Teóricamente Chile desde el 11 de septiembre de 1973 a las 13 horas se encuentra en el “Estado de Asamblea” que preveía la Constitución derogada por el golpe para el caso que un grupo sin tener mandato legítimo alguno se tomase el nombre del pueblo para imponer un gobierno.
Este “estado de asamblea” es descrito incluso en la mencionada constitución y consiste en que los ciudadanos se reúnen en todo el país para deliberar e imponer la instalación del orden destruido por los subversivos, como era el caso en esa época. Así es que mal puede El Mercurio intentar hacernos comulgar con la rueda de carreta de que “las masas” conducidas por demagogos tratarían de “imponer” al país decisiones para las que no existe consenso. Naturalmente que El Mercurio trata de hacer pasar sin comentario y dar por sabido que la “refinada” “democracia representativa” opera por consenso cuando cualquier escolar sabe que es por mayoría y nosotros sabemos en Chile que cada día que pasa hay una mayoría transversal que quiere cambiar el orden constitucional y legal chileno a favor de “las masas” que son las perjudicadas por la “refinada democracia representativa” por mas que El Mercurio trate de “venderla” como la mas perfecta de las instituciones que haya visto la humanidad, que cuando se trata de sus dinerillos, El Mercurio y los que representa se ponen líricos.
Finaliza el párrafo diciendo que si no hay “consenso” el intento sería “antidemocrático”. Claro, sabemos que el que decide que es “democatico” y que no lo es es El Mercurio y la clase que representa.
 
En el caso de Chile, además, un mínimo conocimiento de la historia reciente basta para advertir con toda claridad los peligros del asambleísmo y de la pérdida de valor de la democracia representativa. De allí que los constructores de la transición a la democracia se hayan cuidado especialmente de evitar el intento de resolver los innumerables conflictos que se plantearon en ese período abdicando de sus responsabilidades y entregándoselas a una asamblea. El éxito de la transición chilena -aunque a algunos les parezca lenta, es sin duda un proceso exitoso- se debe en buena parte a dicha prudencia alimentada de la conciencia histórica. Esta conciencia tiene como fuente el conocimiento de la historia chilena del siglo XX, del cual parecen carecer algunas figuras políticas emergidas en época más reciente.

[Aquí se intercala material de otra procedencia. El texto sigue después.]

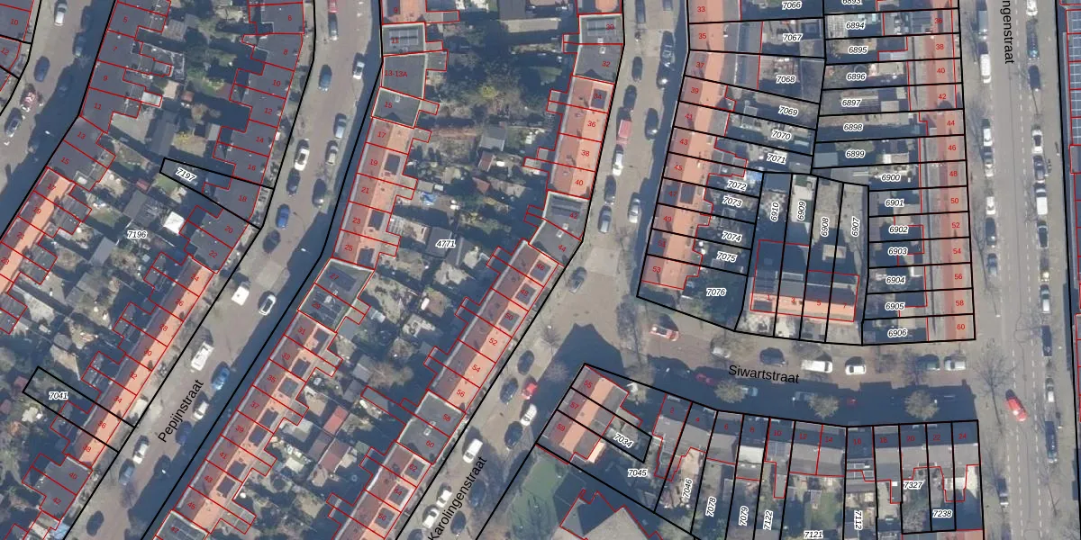 Het perceel waarop Karolingenstraat 46 staat heeft een oppervlakte van 7570 m². Dit is een zeer groot perceel. De perceeloppervlakte wordt geregistreerd door het Kadaster. Gedetailleerde informatie over de maten van dit perceel kunt u vinden in het rapport Kadastrale kaart met maatvoering van Karolingenstraat 46.

En el párrafo precedente el Decano asume una actitud paternal. Los que hablan de Asamblea Constituyente no conocen el pasado reciente de Chile. Por eso les recuerda que el golpe eliminó lo que el mismo diario denomina „asambleismo“. ¿A que se referirá el oráculo?. ¿Era asambleismo el Congreso Nacional que usaron a su antojo para sus fines particulares y subversivos?. ¿Era asambleísmo la conspiración en los cuarteles, en los buques de la marina y ein los círculos sociales santiaguinos?. La verdad es que nunca lo sabremos. Lo que si es claro El Mercurio les dice a los políticos chilenos que deben mirar a los „padres“ de la transición para imitarlos ein su oportunismo, cobardía y todas las cualidades que los „distinguieron“ cuando escamotearon la voluntad popular y prometiendo Asamblea Constituyente; reforma a las FFAA; revisión de las „Privatizaciones“ y un largo etc. se acomodaron en la administración pinochetisa y no hicieron otra cosa que seguir acomodandose a costa del cheque ein blanco que las chilenas y chilenos les pasamos para que hicieran la transción.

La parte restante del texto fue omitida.